Konsekuensinya, orang yang berpuasa tidak boleh berhenti dan berpuas diri sebatas ritual puasanya. Dari itu, maka puasa Ramadan mestinya bukan sekadar sebuah rutinitas dan semata-mata memenuhi kewajiban yang dilakukan setahun sekali.
Tetapi dengan berpuasa sesungguhnya ada hal yang harus diraih lebih dari itu. Menjadi orang yang lebih baik, baik itu dalam dimensi spiritual maupun dimensi sosial. Dan ini tidak lain adalah tujuan yang harus diraih dengan berpuasa Ramadan.
Bukankah orang yang paling mulia di antara kalian adalah orang yang paling bertakwa atau yang mampu menjaga marwahnya sebagai manusia autentik (insan kamil)?
Makanya, wajar dalam persepktif filsafat pragmatisme, untuk apa berpuasa jika hanya berhenti pada simbol, tetapi secara fungsional tidak mendapatkan maanfaat atau faedah apa-apa, muspra dan sia-sia belaka dengan puasanya.
Artinya, secara pragmatis, dan ini agak liberal tapi ada baiknya, bisa dibilang, lebih baik tidak berpuasa. Atau dengan kata lain, untuk apa cape-cape berpuasa jika tidak mendatangkan manfaat dan faedah apa-apa untuk dirimu dan orang lain di sekitarmu.

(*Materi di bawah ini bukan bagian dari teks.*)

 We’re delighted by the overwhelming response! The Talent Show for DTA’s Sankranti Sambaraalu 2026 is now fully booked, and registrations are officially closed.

Ini tidak lantas dipahami, bahwa kalau begitu tidak perlu berpuasa. Bukan. Tetapi, seharusnya berpuasalah yang bermakna. Berpuasa yang benar-benar berpuasa.
Jangan asal berpuasa. Berpuasa asal memenuhi kewajiban, dan selesai sampai di situ. Sangat disayangkan. Tapi, bagi pemula atau yang baru belajar berpuasa, itu bisa dimaklumi.
Itulah kenapa Nabi Muhammad saw menyindir orang yang berpuasa tetapi secara pragmatis, tidak mendapatkan apa-apa (tidak bermakna), muspra dan sia-sia, kecuali rasa lapar dan haus saja.
"Kam min shaimin laisa lahu min shiyamihi illa al- ju'i wa al-'athas," sabda Rasululllah saw.
Untuk itu, tanyalah pada diri kita masing-masing, betulkah kita di bulan suci Ramadan ini sudah benar-benar berpuasa, atau jangan-jangan kita sedang berpura-pura berpuasa?
Atau, kayaknya tidak sekali saya menulis falsafah Jawa ini, "Ojo nganti pasamu gabuk", yang artinya jangan sampai puasamu hampa (muspra).